Q:Why is it that Option Solving is more effective than more traditional approaches to resolving issues?

A:Option Solving makes full use of and properly focuses our intuitive capabilities. It makes sense of complex rafts of information and synthesizes patterns of behavior, relative to our own levels of experience. From this we are better able to fathom out what might be the likely outcome of a particular situation.  The results are even more powerful when drawing upon the different instincts of a wider group of people. When we rely upon our rational minds to resolve issues, as typically taught from an early age, we do not access the same power to arrive at an optimum conclusion.

Q: Why do you call Option Solving a leadership tool?

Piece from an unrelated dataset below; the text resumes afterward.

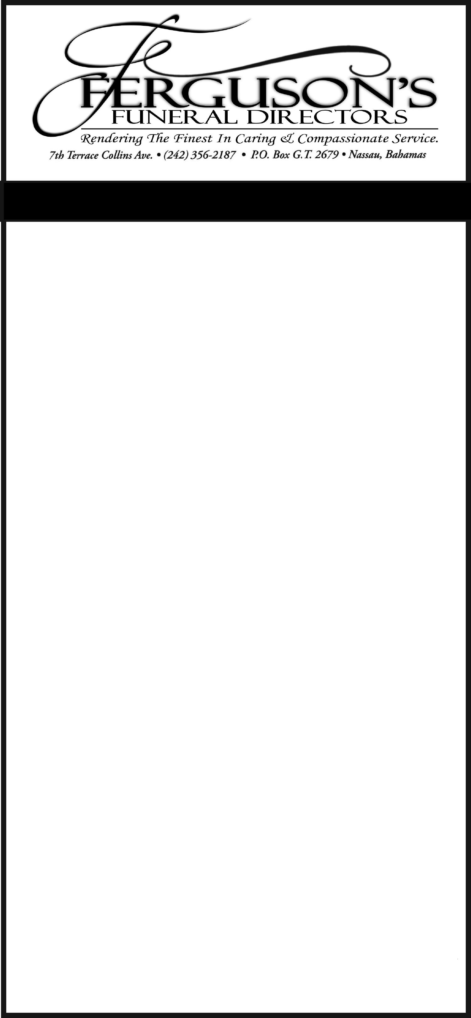The body will repose in the Blessed Redeemer Chapel at Ferguson’s Funeral Directors, 7th Terrace Collins Avenue on (TODAY) Thursday from 12:00 noon to 5:00pm and at the Church on Friday from 10:00am until service time.

A: Quite apart from drawing upon people’s wisdom and instincts, which is what natural leaders do, Option Solving at its best also natuarally involves wider circles of people. Workplace people crave communication, which comes best in the form of involvement. Involvement is synonymous with good leadership.

Q: The resulting solutions from Option Solving too often appear so obvious after the fact and so easy to produce: why is that?

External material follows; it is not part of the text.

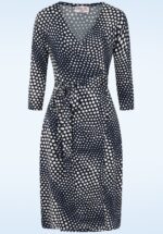 Mühelos stylisch: Das zeitlose Wickelkleid Lola Dot ist aus einem marineblauen Stoff gefertigt, der durch einen verspielten Polka-Dot-Print in Wollweiß besticht. Die ¾-Ärmel und das geschmeidige, weich fließende Material sorgen für einen bequemen Look. Das vielseitig kombinierbare Modell knittert nicht und ist herrlich angenehm zu tragen – ein perfekter Reisebegleiter! 😉 * Wickelkleid * ¾-Ärmel * Fest vernähte Schleifenbänder * Endet bei einer Körpergröße von 1,70 m unterhalb des Knies * Exklusiv bei Topvintage erhältlich

A: To start with, our culture teaches us that nothing is really worthy unless we’ve struggled over it. Also, it is true that outcomes always seem that much more obvious with hindsight than when we’re faced with them at the outset.  In fact, so many situations appear rather perplexing at the outset. Furthermore, when we use our rational capabilities for resolving issues we make it particularly difficult for ourselves because so many things cannot be solved by logic or through numbers. Economists spend mountains of time trying to reduce everything to a numerical solution. On the other hand, when we use our intuitive capabilities, we approach issues with years of “hidden” experience. Additionally, we can use our intuitive capability for synthesizing so many strands of information: as well as allow our minds to take small or large leaps, along with making many trade-offs, which makes issue resolution so much easier. In fact, it appears almost effortless when we use a coherent approach like Option Solving.

Q. How is Option Solving different from conventional brainstorming?

A. Option solving has a number of features ahead of typical brainstorming, including:

  • Option solving makes a purposeful distinction between our rational and intuitive minds (see book).  It draws upon our rational mind’s ability to ask insightful questions and our intuitive mind’s ability to make insightful assessments and judgments of particular situations.
  • It establishes a natural provocative framework for encouraging the intuitive mind to produce creative options.
  • It casts all participants with an equal voice during deliberations, whereas in brainstorming participants are conditioned to defer to the most senior or experienced person to lead the way. If that senior or experienced person is not especially dynamic or creative, so goes the brainstorming group.
  • There is no “how to” discussion  about any of the options until they are all on the table. This avoids scuppering creative moments.
  • Considerably more effort goes into framing the initial question with option solving.
  • There is much better use of “peeling the onion” and “emotional distancing” with option solving (see book).
  • Option solving is a much more definitive technique: with distiinctive principles and practices (see book).
  • Option Solving does not require people to rationally argue their case for a particular option. This is particularly important when less articulate or seasoned participants are involved. Such participants may have interesting ideas and intuitions: in brainstorming they possibly wouldn’t have the talents to argue the merits of their case  consequently would be sidelined. Possible outcomes like this are discouraged in option solving.